┏━━

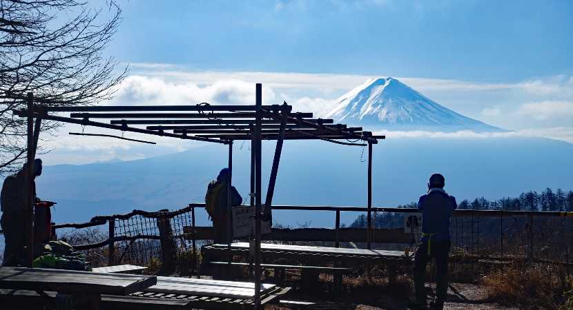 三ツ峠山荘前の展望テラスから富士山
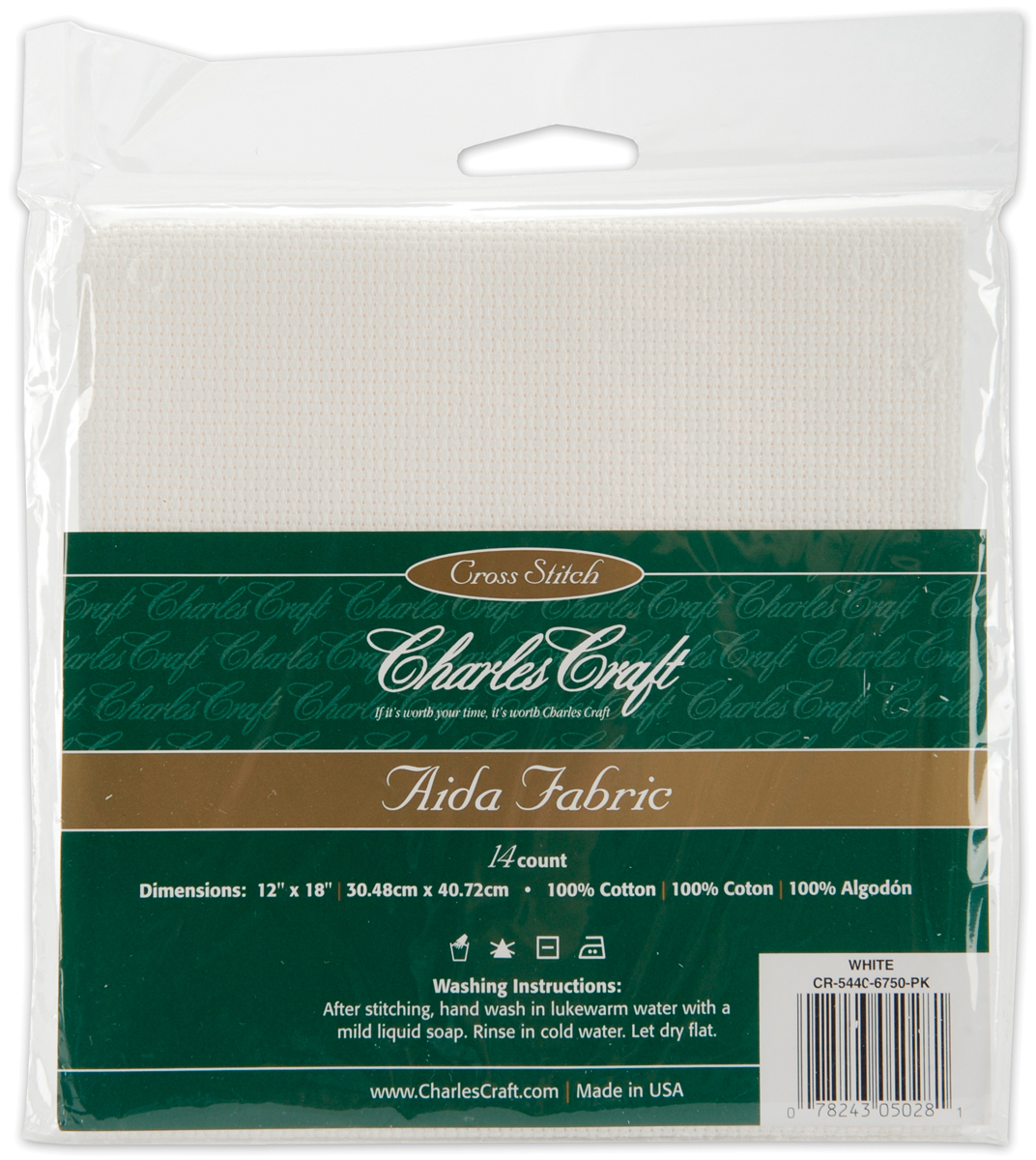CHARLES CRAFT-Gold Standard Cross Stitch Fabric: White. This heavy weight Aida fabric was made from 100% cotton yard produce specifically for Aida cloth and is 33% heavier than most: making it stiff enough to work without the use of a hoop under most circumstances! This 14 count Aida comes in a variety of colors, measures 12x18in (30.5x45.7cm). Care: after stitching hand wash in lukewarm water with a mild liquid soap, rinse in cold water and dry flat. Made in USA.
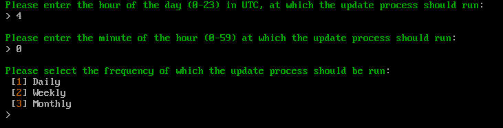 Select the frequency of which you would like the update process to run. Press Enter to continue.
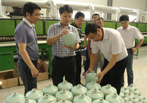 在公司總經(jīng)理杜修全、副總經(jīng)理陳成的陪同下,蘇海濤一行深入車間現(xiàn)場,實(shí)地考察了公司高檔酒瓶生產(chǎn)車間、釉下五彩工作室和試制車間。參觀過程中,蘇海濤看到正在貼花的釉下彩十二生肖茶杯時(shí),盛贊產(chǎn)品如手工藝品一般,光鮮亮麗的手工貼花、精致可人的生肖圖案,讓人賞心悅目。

┗━━

Exercise instructions = Begin with the line that contains "Select the frequency" and copy every line through the end of the listing, exactly as written, both ends included. Pictures are not part of the copy.

Reply to the task =
 Select the frequency of which you would like the update process to run. Press Enter to continue.
 在公司總經(jīng)理杜修全、副總經(jīng)理陳成的陪同下,蘇海濤一行深入車間現(xiàn)場,實(shí)地考察了公司高檔酒瓶生產(chǎn)車間、釉下五彩工作室和試制車間。參觀過程中,蘇海濤看到正在貼花的釉下彩十二生肖茶杯時(shí),盛贊產(chǎn)品如手工藝品一般,光鮮亮麗的手工貼花、精致可人的生肖圖案,讓人賞心悅目。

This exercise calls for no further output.